C’est son univers. Depuis quelques années, Jane n’a cessé d’être à l’avant-plan lors de plusieurs événements. En 2010, elle avait été invitée par Dave, finaliste de l’émission La Nouvelle Star, à venir chanter lors de son concert. La jeune fille a également poussé la chansonnette lors de plusieurs événements : Mauritius Sports Awards, célébrations de l’Indépendance au Champ de Mars, Vibrasyon Dezil aux côtés des meilleurs artistes de l’océan Indien, entre autres. Elle a aussi remporté le Yogeesh Patroo Award par le ministère de la Sécurité sociale en décembre 2013. En avril, Jane a aussi eu droit à son premier concert solo au conservatoire François Mitterrand.

 


 

Un concert exceptionnel 

 

Ambassadrice de l’ONG Global Rainbow Foundation (GRF), c’est donc à l’initiative de cette instance que Jane Constance se rendra à Paris pour un concert exceptionnel à l’auditorium de l’UNESCO. Pour le show, la Mauricienne sera accompagnée de Luan Pommier, une jeune artiste guadeloupéenne, également malvoyante. «L’objectif de cet événement est de conscientiser la communauté locale et internationale sur le fait qu’un handicap n’est pas un obstacle, mais qu’il faut absolument que les structures et lois nécessaires soient mises en place et implémentées afin d’accompagner au mieux les autrement capables», explique Armoogum Parsuramen, fondateur et président de la GRF, en parlant de l’événement «co-hosted» par l’UNESCO Paris, la GRF ainsi que l’ambassade de Maurice à Paris. 

 

Le concert se tiendra en présence de personnalités de l’UNESCO et de plusieurs invités de renom qui oeuvrent pour la reconnaissance et l’intégration des personnes autrement capables.

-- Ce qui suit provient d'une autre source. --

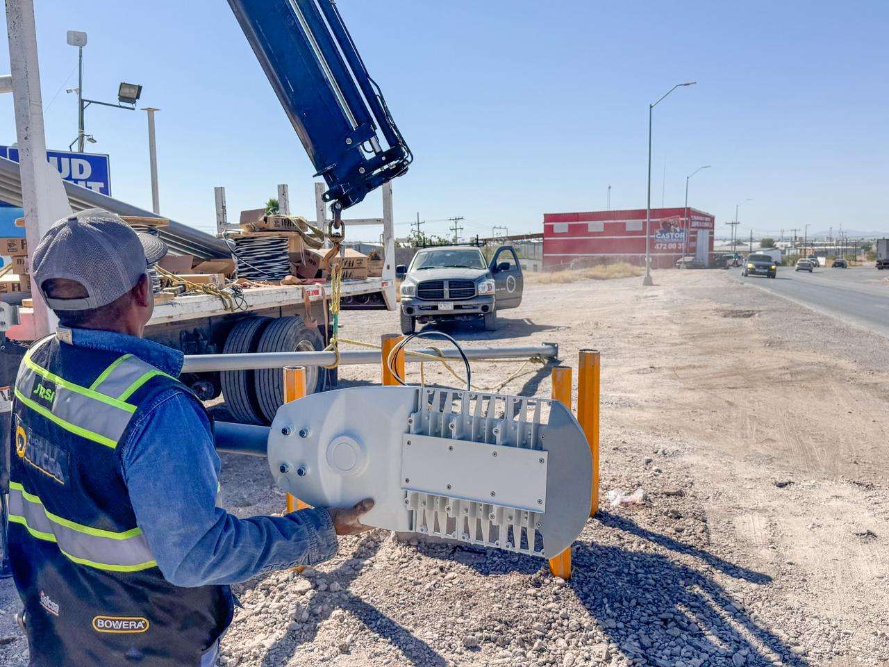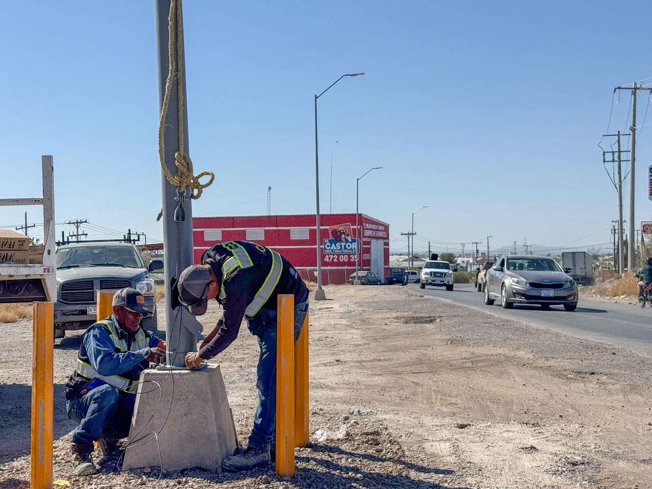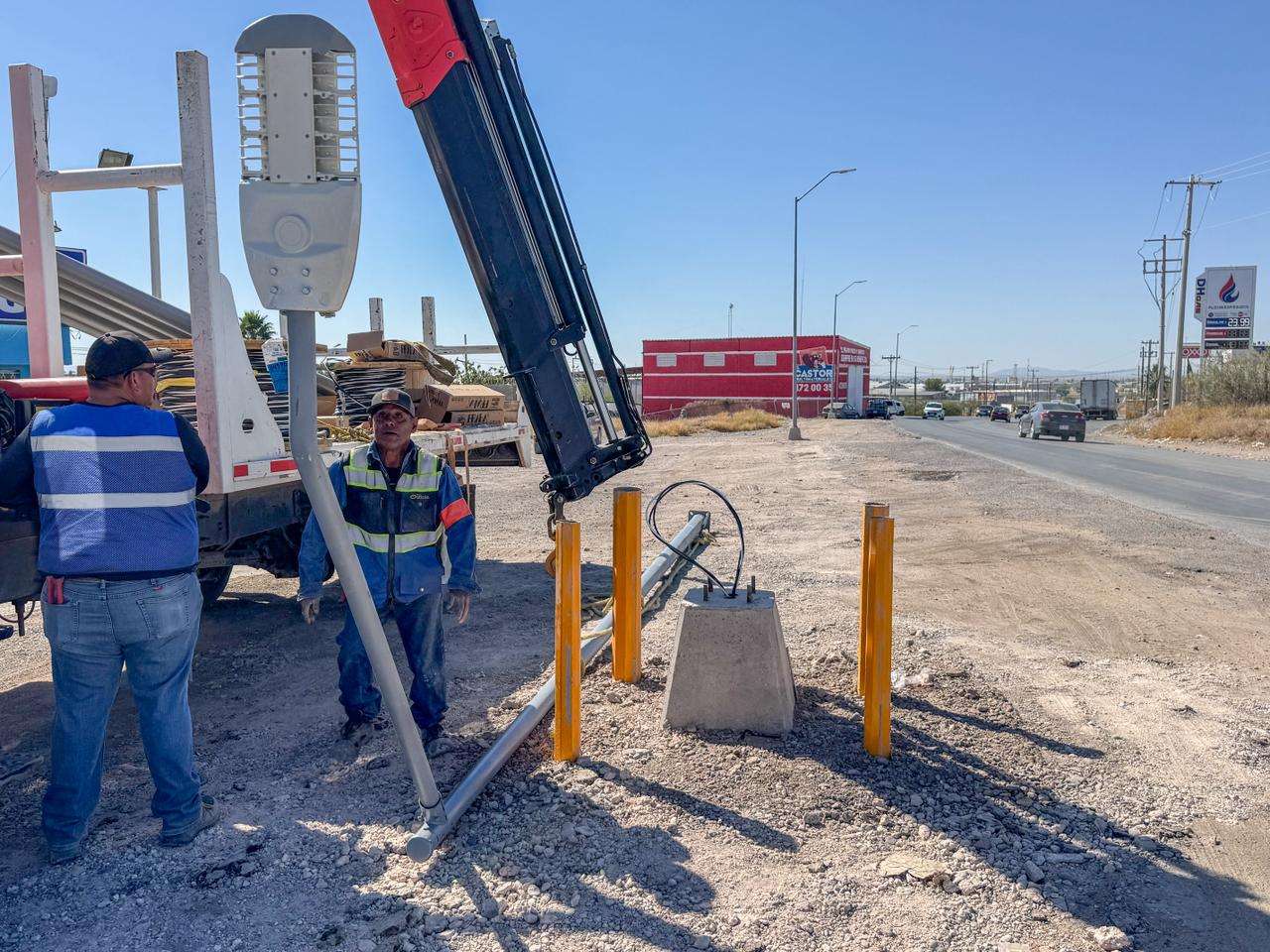 Un punto importante donde se encuentran las labores es en la avenida Tecnológico, desde el puente de Lotes Urbanos hasta el Instituto Tecnológico de Delicias, una zona donde la iluminación había sido insuficiente durante años.
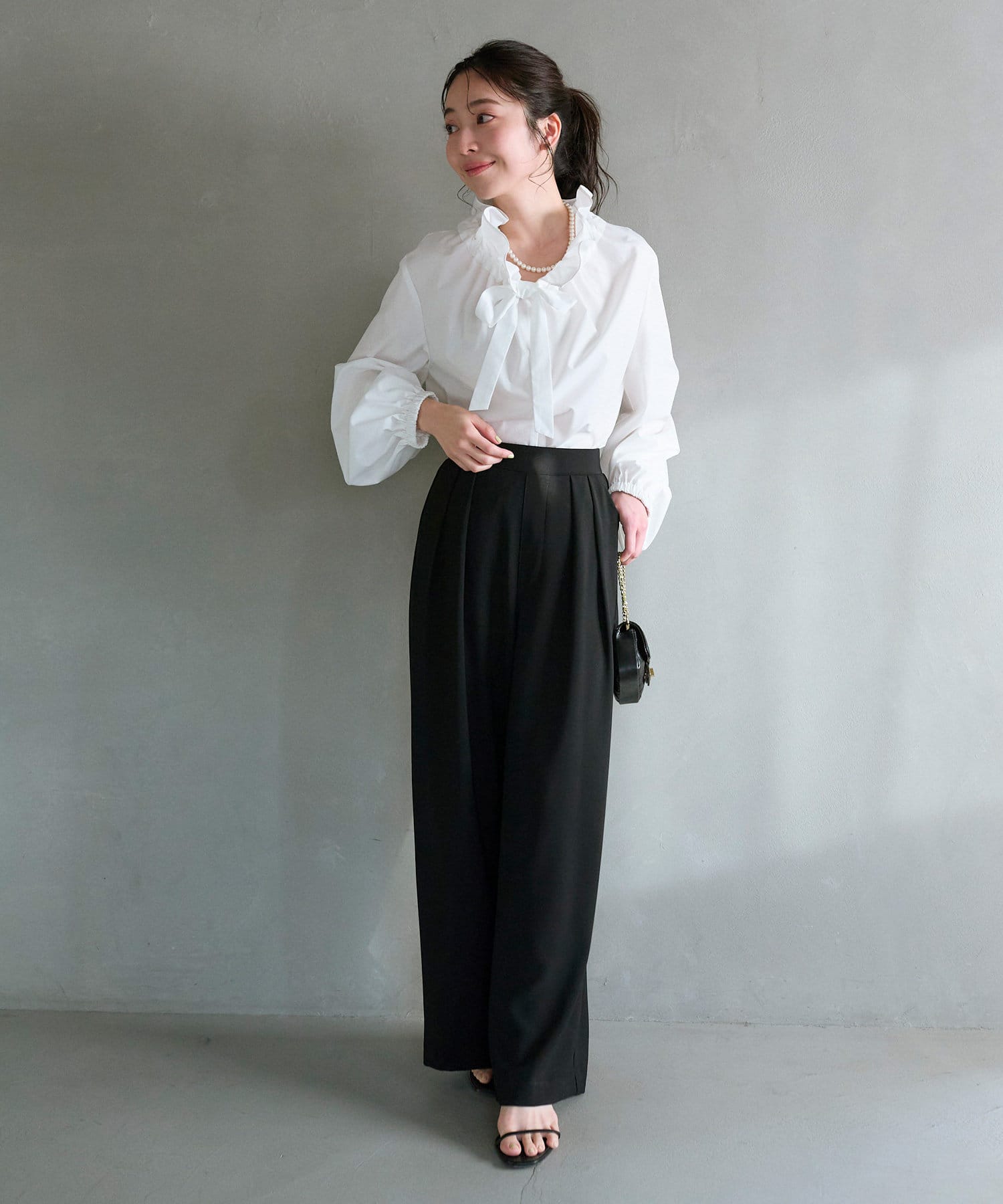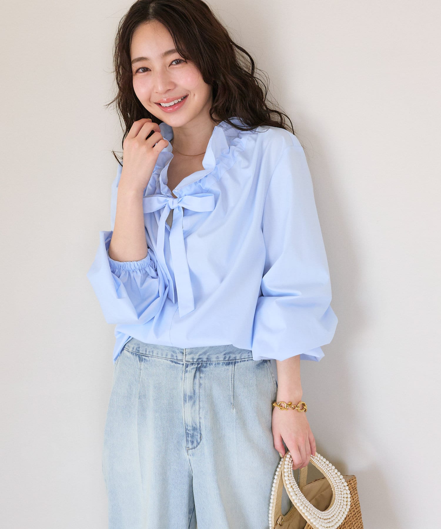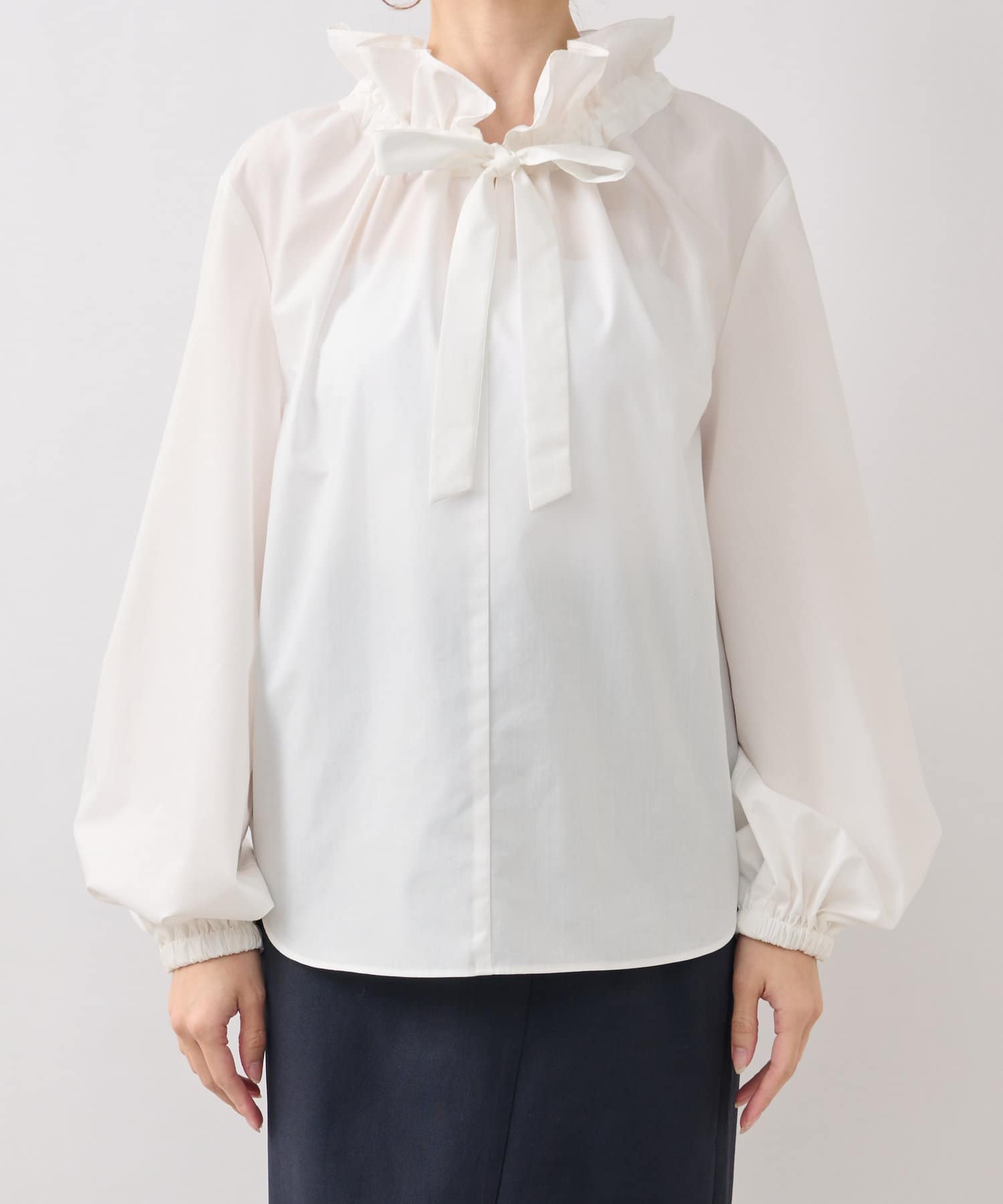 フリル襟が印象的なリボンブラウス

C’est à l’occasion de la Journée internationale de la canne blanche, qui est observée le 15 octobre, que ce concert «prestigieux» a été officialisé. 

 

Armoogum Parsuramen fait aussi un appel à la générosité des Mauriciens pour rendre possible le déplacement de Jane. «Ce concert dans les locaux de l’UNESCO, à Paris, et en présence des VIP de cet organisme, mettra en exergue non seulement le talent de deux jeunes filles au parcours exceptionnel, mais aussi la nécessité de mettre en place davantage de structures adaptées pour les handicapés, à Maurice et ailleurs. Nous avons besoin de fonds pour le déplacement ainsi que pour la logistique une fois à Paris. Mais nous savons que nous pouvons compter sur la solidarité  des Mauriciens.»

 

Par ailleurs, du 12 au 17 novembre, Jane sera en Inde pour participer à un autre événement d’art inclusif dédié aux autrement capables : SAMBHAV 2014.